*Assignment*: Transcribe exactly the lines from the one holding "Lyrics of Tu" through the closing line of the entries below. Pictures stay out of the copy.

##### Data provided

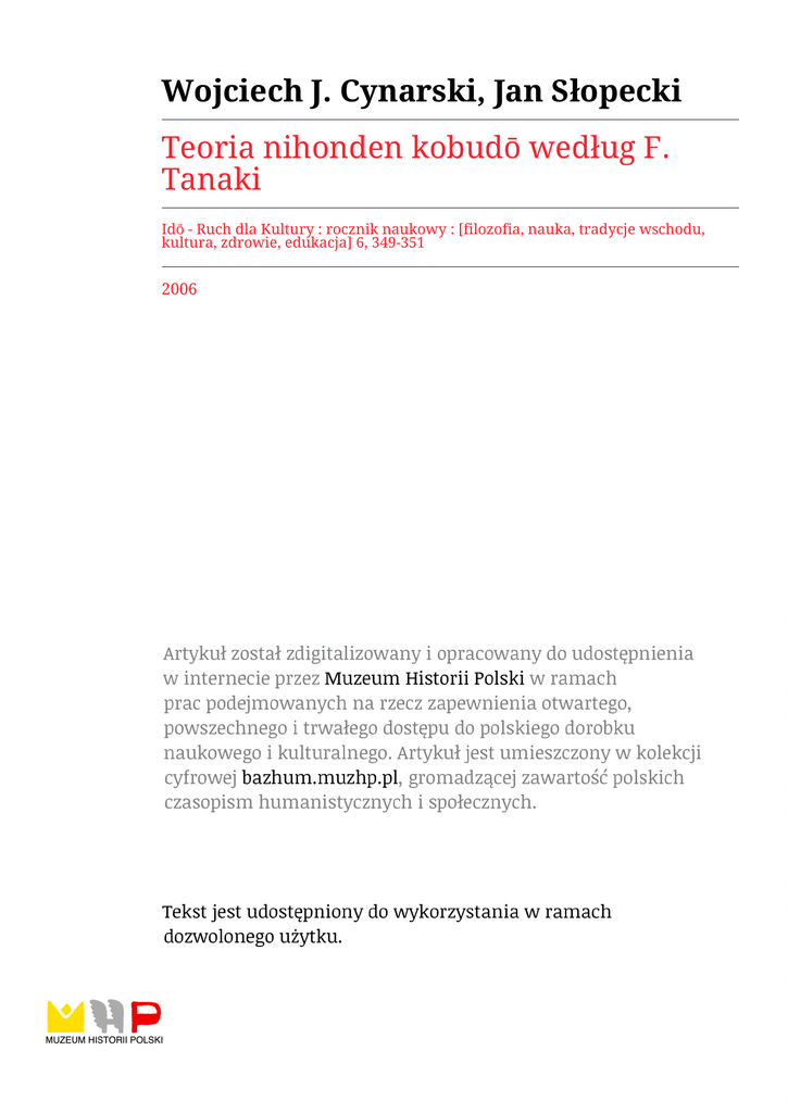 Wojciech J. Cynarski, Jan Słopecki Teoria nihonden kobudō według F. Tanaki Idō - Ruch dla Kultury : rocznik naukowy : [filozofia, nauka, tradycje wschodu, kultura, zdrowie, edukacja] 6, 349-351 2006 W o jc ie c h J. C y n a r s k i, J a n S ł o p e c k i Z a k ła d S p o r t ó w W a l k i i S p o r t ó w In d y w id u a ln y c h , W y d z i a ł W y c h o w a n i a F iz y c z n e g o , U n i w e r s y t e t R z e s z o w s k i, R z e s z ó w , P o ls k a Teoria nihonden kobudö według F. Tanaki / Theory of nihonden kobudö by F. Tanaka Fumon Tanaka, Sztuki walki samurajów. Teoria i praktyka, Diamond Books, Bydgoszcz 2005, ss. 232. Ukazała się nakładem bydgoskiego wyspecjalizowanego wydawnictwa książka będąca polską wersją językow ą wydanej dwa lata wcześniej pracy Samurai Fighting Arts; The Spirit and the Practice (Kodansha International Ltd. 2003). Tłumaczenia dokonał Witold Nowakowski, tłumacz i jednocześnie kendöka. Uwzględnienie znaków diakrytycznych określających długie samogłoski umożliwia jednoznaczne odczytanie japońskich słów, oczywiście na miarę możliwości, jakie w ynikająze specyfiki tego języka [por.: Cynarski 2000 a; Cynarski, Litwiniuk 2002-2003]. Książka kierowana jest do zachodniego czytelnika zainteresowanego tradycyjnymi sztukami walki i w szczególności obszarem zwanym ‘bugei jühappan' - osiemnastu sztukami walki upra wianymi przez samurajów. Mało znane jest na zachodzie kobudö klasycznych szkół i nauczanie użycia krótszego z pary mieczy samurajskich, obydwu mieczy jednocześnie lub innych jeszcze elementów militarnej kultury bushi [Cynarski 2004 a]. Napisana jest w sposób komunikatywny prostym językiem, wzbogacona licznymi fotografiami i rycinami. Jako taka pełni zwłaszcza funkcję popularyzacyjną. Fumon Tanaka (ur. 1943) uprawia sztuki wałki od 13 roku życia. Obecnie jest sôke (liderem, głównym mistrzem) dziesięciu tradycyjnych szkół, posiadaczem wysokich stopni w kobudö (8 dan, hanshi), jûjutsu (7 dan) i technikach miecza (7 dan, kyöshi w battójutsu i iaijutsu). Współ pracował z Ministerstwem Szkolnictwa i Agencją do Spraw Kulturalnych Japonii. Był dyrektorem Dai Nihon Butokukai. Jest autorem dwóch ważnych książek poświęconych tradycji japońskiej szermierki [Tanaka 1995; 2000]. Obecnie pełni funkcje prezesa Nihonkoden Füshimusökai i stałego doradcy Zen Nihon Budó Sögörenmei. Prowadzi liczne wykłady i seminaria szkoleniowe w Europie. Zasadnicza treść pracy dzieli się na sześć rozdziałów: I - Kobudö i miecz japoński; II - Tra dycje samurajów, III — Walka dwoma mieczami; IV - Techniki szkoły Honmon Enshin; V - Za stosowanie kenjutsu; VI - Techniki mutö-dori. Całość rozpoczyna Wstęp, w którym autor wpro wadza w historyczną perspektywę samurajskich sztuk walki [Tanaka 2005, s. 11-14]. Historyczne analizy kontynuowane są w rozdziale Dzieje kobudö, w którym autor książki zdaje się utożsamiać japońskie kobudö1 z szermierką i wywodzić je z opisanych na kartach Kojiki (Księga dawnych wydarzeń, 712) i Nihonshoki (Kroniki japońskie, 720) praform sztuki miecza. Historia miesza się tutaj z legendami i mitologią religii shintö. Cenna jest prezentacja średnio wiecznych rycin, wprowadzających w klimat epoki. Przedstawione są sceny walki, broń, stroje, wyobrażenia kultowe. Rozważania kończą się na epoce Edo. Okres po restauracji Meiji (po 1868 r.) uwzględniony jest w rozdziale Tradycyjne i współczesne budö (s. 22—25). Tanaka przed stawia system przekazu wiedzy: söke - shihan — uczniowie. Odróżnia sztuki walki starych szkół od siedmiu nowoczesnych form, tzw. gendai budö, do których zaliczają się: jüdö, kendö, naginatadö, karatedö. aikido, shorinji kenpö i jükendö. Jako wybitnych przedstawicieli nowoczesnego budö i karatedö w szczególności wymienia zdjęcia światowego lidera stylu shötökan — mistrza Hirokazu Kanazawa (10 dan karatedö, IMAF) i stylistę shitö-ryü - Toshihisa Sofue (jednocze śnie ekspert karate i kaiden shihan tradycyjnej szkoły takeda-ryu) (s. 22). Tanaka legtymizuje swe kompetencje publikując zdjęcia makimono (zwojów manuskryptów) szkół, których jest spadkobiercą (s. 25). Rozdzialik poświęcony jüjutsu (Jûjutsu, s. 26-29) zawiera jedynie zdaw kową informację o tej sztuce walki ze skierowaniem zainteresowanego czytelnika do książki 1 Nigdzie jednak nie pada nazwa nihonden kobudö (lub honshu kobudö), która odróżnia szkoły stricte japońskie od lepiej znanych stylów z Okinawy i wysp Riukiu [Cynarski 2000 b). ucznia Tanaki - Serge’a Mola [Mol 2003; Cynarski 2005]. Na rycinie znajdujemy wyobrażenie Takedy Butsugena, założyciela szkoły fusen-ryü jüjutsu2 (s. 27) oraz zdjęcia, ukazujące techniki niezwykle podobne do nauczanych w daitö-ryü i w takeda-ryu (s. 26-29). Historii kenjutsu i japońskiemu mieczowi poświęconych zostało więcej stron i materiału zdjęciowego (s. 30-42). Rozdział II zawiera opis samurajskiego ubioru i heraldyki oraz wyjaśnia ważne pojęcia (seppuku, kaishaku, tameshigiri, suemonogiri — s. 48-49). Interesujący jest opis kumiuchi kenpö - technik średniowiecznego pola walki, łączących elementy szermierki, aikijutsu i jüjutsu (s. 52 57). W kolejnych częściach czytelnik znajduje opis i ilustracje technik walki krótkim mieczem, dwoma mieczami i iaijutsu, w tym opisy klasycznych form technicznych (s. 58-191). Także od niesienia do sfery technik innych broni w ystępują z perspektywy sztuki miecza (rozdział; Zasto sowanie kenjutsu). Nota bene je st to rzeczywiście specyfiką szkół honshu kobudö (jak kashima shintö-ryü lub tenshin shóden katori shintö-ryü [por.: Otake 1977; Draeger 1997; Friday, Humitake 1997; Cynarski 2004 b]), że nauczają walki mieczem przeciwko innym broniom. W pracy Tanaki znajdujemy więc włócznię yari, naginatę, długi kij bö, shuriken (bronie przeznaczone do miotania). Znajdujemy też opis
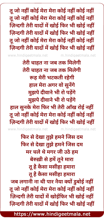 Lyrics of Tu Jo Nahi Koi Mera Mera Koi Nahi - तू जो नहीं कोई मेरा मेरा कोई नहीं
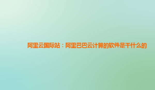 阿里云国际站:阿里巴巴云计算的软件是干什么的
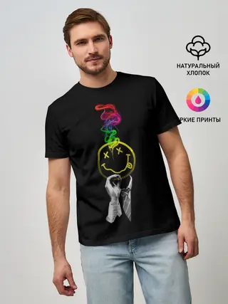 Отличная футбллка. Принт яркий. качественно материала сразу видно. я довольна
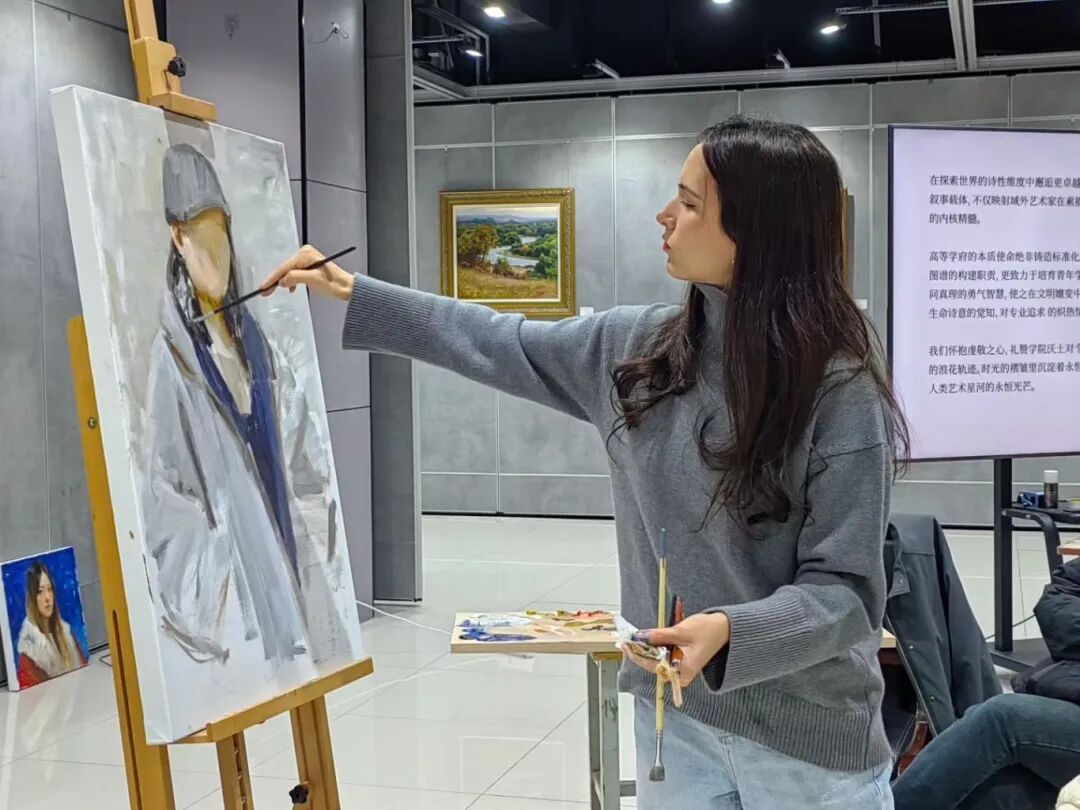课程开始,阿丽莎·谢苗诺娃老师进行了油画半身像示范。她从构图起稿、色彩铺陈,到形体塑造、细节刻画,全程边画边讲,深入解析油画语言中形色结合的要点。在教师示范的同时,部分学生开始进行水粉画实践。阿丽莎·谢苗诺娃老师依据水粉材料的特性,指导学生掌握色彩过渡的处理方法、水分的控制技巧以及增强画面表现力的方式。尽管水粉与油画有所不同,但在色彩归纳和画面节奏方面存在共通点,关键在于学会化繁为简。

##########

*Answer to the problem*:
 Lyrics of Tu Jo Nahi Koi Mera Mera Koi Nahi - तू जो नहीं कोई मेरा मेरा कोई नहीं
 阿里云国际站:阿里巴巴云计算的软件是干什么的
 Отличная футбллка. Принт яркий. качественно материала сразу видно. я довольна
课程开始,阿丽莎·谢苗诺娃老师进行了油画半身像示范。她从构图起稿、色彩铺陈,到形体塑造、细节刻画,全程边画边讲,深入解析油画语言中形色结合的要点。在教师示范的同时,部分学生开始进行水粉画实践。阿丽莎·谢苗诺娃老师依据水粉材料的特性,指导学生掌握色彩过渡的处理方法、水分的控制技巧以及增强画面表现力的方式。尽管水粉与油画有所不同,但在色彩归纳和画面节奏方面存在共通点,关键在于学会化繁为简。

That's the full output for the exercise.